Altrove

Il sole che ti illumina mentre lavori alla scrivania, costrutti mentali che si allungano sui numerosi fogli di carta, sparsi qui e là, sui mobili, per terra – Dove sono i tuoi pensieri? – mi chiedo. Ti dondoli sulla sedia, una penna bic in bocca, gli occhi chiusi a riflettere, chissà su che cosa. Il tuo modo di sconfiggere ogni giorno la morte, io lo adoro, il vederti fuggire lontano, da ogni luogo, sempre inafferrabile, lo sopporto un po’ meno, frustrazione che mi soffoca. Oramai è chiaro, lampante, un minuto prima sei qui, quello dopo, non si sa, non lo sanno, non lo so, mi chiedo se tu lo sappia, anzi, vorrei chiedertelo, ma sei già altrove in un altro tempo, in un altro luogo, impossibile porti una domanda del genere.

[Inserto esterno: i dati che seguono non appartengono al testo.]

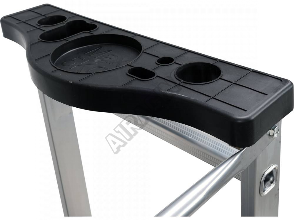 Pracovní plošina z voděodolné překližky, nad horní příčkou je umístěn stojan pro bezpečné uložení nářadí nebo nádob na barvy.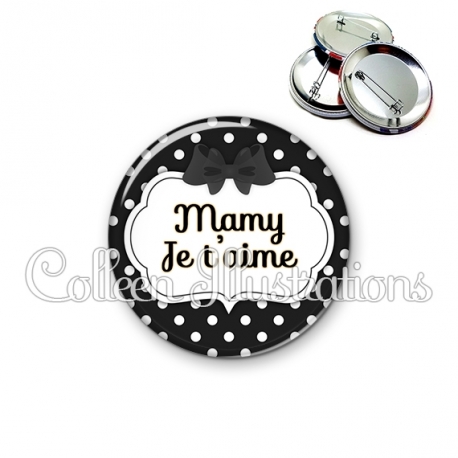 Image imprimée en haute résolution sur papier de qualité, protégée d'un film plastique, et sertie sur une coque et épingle métallique.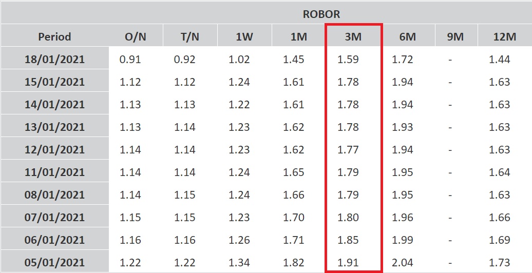 Indicele ROBOR la 3 luni, în funcție de care sunt calculate dobânzile la majoritatea creditelor în lei, a ajuns luni la 1,59%, în condițiile în care a scăzut constant în ultimele săptămâni. ROBOR la 6 luni a coborât de la 1,94% la 1,72%.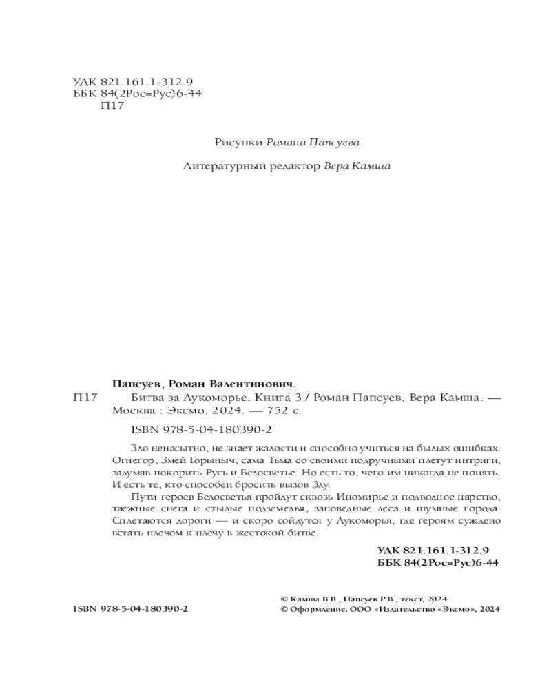 💳 Оплатить за товар можно при получении 🇰🇿 Есть бесплатная доставка по Казахстану 🎁 Копите бонусы с каждой покупки Серия: Новые сказки Старой Руси Зло ненасытно, не знает жалости и способно учиться на былых ошибках. Огнегор, Змей Горыныч, сама Тьма со своими подручными плетут интриги, задумав покорить Русь и Белосветье. Но есть то, чего им никогда не понять. И есть те, кто способен бросить вызов Злу. Пути героев Белосветья пройдут сквозь Иномирье и подводное царство, таёжные снега и стылые подземелья, заповедные леса и шумные города. Сплетаются дороги — и скоро сойдутся у Лукоморья, где героям суждено встать плечом к плечу в жестокой битве. |

Scuotendo la testa, non posso far altro che guardarmi allo specchio, chiedermi se, o che cosa pensi, se, o che cosa stai pianificando, mentre i miei neuroni si sforzano di indagare il mistero che aleggia intorno a te, mentre mi domando se questo mio interrogarmi sulla cosa sia un bene, o se dovrei lasciar perdere e prender quello che arriva, come un animale di compagnia attende il proprio Dio-Padrone.

Sorrido – Dovrei forse implorarti di darmi da mangiare? Di farmi compagnia? Di amarmi? Magari sedendomi a terra e cercando di scodinzolare? – figurati se ne sarei capace, al massimo potrei farti pipì su una scarpa, più per un puro desiderio di colmare le mie nascoste voglie feticiste, che per attirare la tua attenzione. Sorrido ancora, la sedia è vuota, la scrivania un caos, non stai lavorando, sei altrove coi pensieri, i desideri, le tue perversioni che ti ostini a voler tenere segrete, quasi facendo finta di non averne. 

Un soffio di vento, alcuni fiori rosa si staccano da un albero del quale ignoro la natura, il nome. Ne raccolgo uno che finisce poco distante dai miei piedi, lo strofino tra le dita, ne respiro il profumo, mentre osservo le macchie rosee che si formano sulla mia pelle bianca. Mi ricorda l’odore che hai quando esci dalla doccia e sorrido ancora, per l’ennesima volta. 

Mi viene sempre da sorridere, quando mi accorgo che ogni pensiero che imbocca la strada della mia coscienza, alla fine passa su di te, sul tuo modo di vedere le cose, sulla tua pelle, tra i tuoi capelli ingrigiti dal tempo. Osservo il cielo, il quadrante dell’orologio, torno a sedermi alla scrivania, la bic in bocca, chiudo gli occhi, e non c’è più spazio, e non c’è più tempo.